[WORK ITEM] Take the entries below and print only the lines from the one with "Batériu viete nabíjať" through the one with "듀공이 오우라만에 돌아왔을지도", exactly as they stand, both ends included.

[DATA FOR REVIEW]
◆ ◆ ◆

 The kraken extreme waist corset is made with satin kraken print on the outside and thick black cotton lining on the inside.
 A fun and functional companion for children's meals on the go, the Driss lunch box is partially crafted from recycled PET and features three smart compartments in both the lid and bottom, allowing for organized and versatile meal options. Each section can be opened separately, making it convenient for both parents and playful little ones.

◆ ◆ ◆

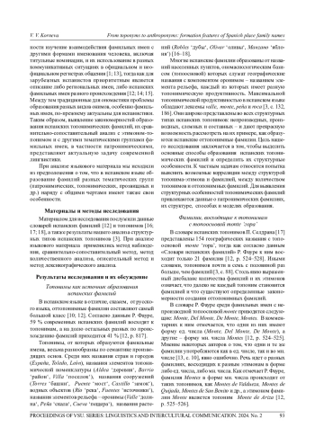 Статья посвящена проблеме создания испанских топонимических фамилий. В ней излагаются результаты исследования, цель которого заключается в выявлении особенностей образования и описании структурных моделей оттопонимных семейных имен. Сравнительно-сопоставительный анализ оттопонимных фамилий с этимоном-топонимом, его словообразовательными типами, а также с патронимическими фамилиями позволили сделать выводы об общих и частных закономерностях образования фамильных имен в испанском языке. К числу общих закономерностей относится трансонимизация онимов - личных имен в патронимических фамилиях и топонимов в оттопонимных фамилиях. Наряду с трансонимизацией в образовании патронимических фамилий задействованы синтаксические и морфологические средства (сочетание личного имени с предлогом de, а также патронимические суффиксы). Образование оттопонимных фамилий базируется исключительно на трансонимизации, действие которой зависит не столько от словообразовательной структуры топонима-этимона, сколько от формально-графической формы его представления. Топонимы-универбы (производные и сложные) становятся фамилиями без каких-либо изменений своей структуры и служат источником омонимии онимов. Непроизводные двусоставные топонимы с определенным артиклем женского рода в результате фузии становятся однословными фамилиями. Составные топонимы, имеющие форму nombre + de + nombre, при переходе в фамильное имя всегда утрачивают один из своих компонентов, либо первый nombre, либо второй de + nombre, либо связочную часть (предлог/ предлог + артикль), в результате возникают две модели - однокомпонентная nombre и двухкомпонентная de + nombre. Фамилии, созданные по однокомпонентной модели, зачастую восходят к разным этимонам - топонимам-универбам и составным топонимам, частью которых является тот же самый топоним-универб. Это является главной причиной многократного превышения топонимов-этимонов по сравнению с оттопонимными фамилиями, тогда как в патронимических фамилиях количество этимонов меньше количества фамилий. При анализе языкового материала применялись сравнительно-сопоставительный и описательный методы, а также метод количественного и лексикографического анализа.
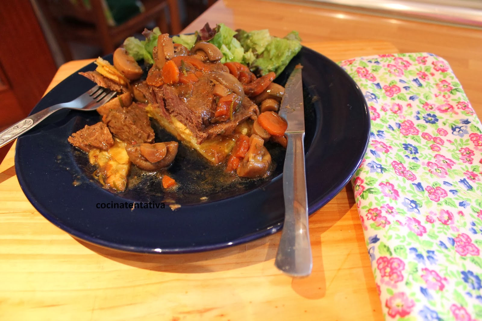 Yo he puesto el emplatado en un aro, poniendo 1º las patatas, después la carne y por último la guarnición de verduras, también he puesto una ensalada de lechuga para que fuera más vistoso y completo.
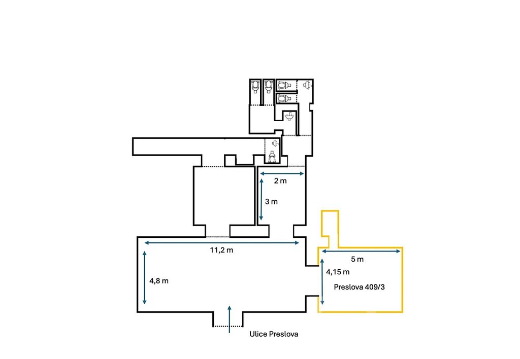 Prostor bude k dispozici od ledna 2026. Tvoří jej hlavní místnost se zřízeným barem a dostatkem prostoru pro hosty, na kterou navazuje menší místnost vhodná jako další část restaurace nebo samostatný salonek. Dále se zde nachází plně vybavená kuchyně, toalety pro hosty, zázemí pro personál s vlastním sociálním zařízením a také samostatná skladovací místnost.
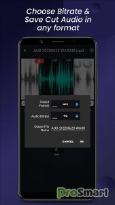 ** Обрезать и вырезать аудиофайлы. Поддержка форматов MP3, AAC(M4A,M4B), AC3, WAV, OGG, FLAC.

◆ ◆ ◆

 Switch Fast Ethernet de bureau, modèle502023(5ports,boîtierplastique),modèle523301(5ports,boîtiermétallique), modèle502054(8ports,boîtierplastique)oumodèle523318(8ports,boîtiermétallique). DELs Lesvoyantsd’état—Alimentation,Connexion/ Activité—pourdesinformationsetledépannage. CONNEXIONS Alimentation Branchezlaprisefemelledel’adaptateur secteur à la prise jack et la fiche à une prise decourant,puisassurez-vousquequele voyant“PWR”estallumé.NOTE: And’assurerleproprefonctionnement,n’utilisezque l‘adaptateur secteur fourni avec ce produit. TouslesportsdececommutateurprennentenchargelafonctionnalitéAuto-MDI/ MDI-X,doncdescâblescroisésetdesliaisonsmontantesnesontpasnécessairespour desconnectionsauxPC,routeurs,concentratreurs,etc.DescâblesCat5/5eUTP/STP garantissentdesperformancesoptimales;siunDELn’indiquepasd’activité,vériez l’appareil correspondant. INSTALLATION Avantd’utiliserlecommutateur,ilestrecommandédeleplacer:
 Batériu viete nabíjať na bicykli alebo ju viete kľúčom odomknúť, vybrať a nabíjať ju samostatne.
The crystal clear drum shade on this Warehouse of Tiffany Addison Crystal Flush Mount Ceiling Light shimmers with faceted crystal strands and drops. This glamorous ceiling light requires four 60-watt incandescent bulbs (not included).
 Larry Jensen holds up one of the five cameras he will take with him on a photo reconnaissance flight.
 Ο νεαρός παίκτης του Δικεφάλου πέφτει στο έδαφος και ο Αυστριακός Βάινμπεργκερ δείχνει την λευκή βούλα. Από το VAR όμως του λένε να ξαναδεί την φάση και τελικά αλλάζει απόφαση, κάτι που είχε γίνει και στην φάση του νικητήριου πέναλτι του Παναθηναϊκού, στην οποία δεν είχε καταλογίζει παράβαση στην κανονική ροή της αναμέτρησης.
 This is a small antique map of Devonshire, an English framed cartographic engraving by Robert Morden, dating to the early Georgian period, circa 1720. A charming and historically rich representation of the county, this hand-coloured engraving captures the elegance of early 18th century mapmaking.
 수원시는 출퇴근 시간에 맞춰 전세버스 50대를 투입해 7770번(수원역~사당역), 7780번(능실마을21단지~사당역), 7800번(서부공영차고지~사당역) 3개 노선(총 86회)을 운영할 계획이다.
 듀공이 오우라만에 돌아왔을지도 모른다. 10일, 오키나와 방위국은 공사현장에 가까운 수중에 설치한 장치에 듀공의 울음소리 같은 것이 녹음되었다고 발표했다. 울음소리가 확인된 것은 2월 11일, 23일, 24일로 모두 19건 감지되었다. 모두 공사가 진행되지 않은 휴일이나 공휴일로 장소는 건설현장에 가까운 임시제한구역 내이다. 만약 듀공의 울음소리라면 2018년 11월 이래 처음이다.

◆ ◆ ◆

[EXERCISE RESULT]
 Batériu viete nabíjať na bicykli alebo ju viete kľúčom odomknúť, vybrať a nabíjať ju samostatne.
The crystal clear drum shade on this Warehouse of Tiffany Addison Crystal Flush Mount Ceiling Light shimmers with faceted crystal strands and drops. This glamorous ceiling light requires four 60-watt incandescent bulbs (not included).
 Larry Jensen holds up one of the five cameras he will take with him on a photo reconnaissance flight.
 Ο νεαρός παίκτης του Δικεφάλου πέφτει στο έδαφος και ο Αυστριακός Βάινμπεργκερ δείχνει την λευκή βούλα. Από το VAR όμως του λένε να ξαναδεί την φάση και τελικά αλλάζει απόφαση, κάτι που είχε γίνει και στην φάση του νικητήριου πέναλτι του Παναθηναϊκού, στην οποία δεν είχε καταλογίζει παράβαση στην κανονική ροή της αναμέτρησης.
 This is a small antique map of Devonshire, an English framed cartographic engraving by Robert Morden, dating to the early Georgian period, circa 1720. A charming and historically rich representation of the county, this hand-coloured engraving captures the elegance of early 18th century mapmaking.
 수원시는 출퇴근 시간에 맞춰 전세버스 50대를 투입해 7770번(수원역~사당역), 7780번(능실마을21단지~사당역), 7800번(서부공영차고지~사당역) 3개 노선(총 86회)을 운영할 계획이다.
 듀공이 오우라만에 돌아왔을지도 모른다. 10일, 오키나와 방위국은 공사현장에 가까운 수중에 설치한 장치에 듀공의 울음소리 같은 것이 녹음되었다고 발표했다. 울음소리가 확인된 것은 2월 11일, 23일, 24일로 모두 19건 감지되었다. 모두 공사가 진행되지 않은 휴일이나 공휴일로 장소는 건설현장에 가까운 임시제한구역 내이다. 만약 듀공의 울음소리라면 2018년 11월 이래 처음이다.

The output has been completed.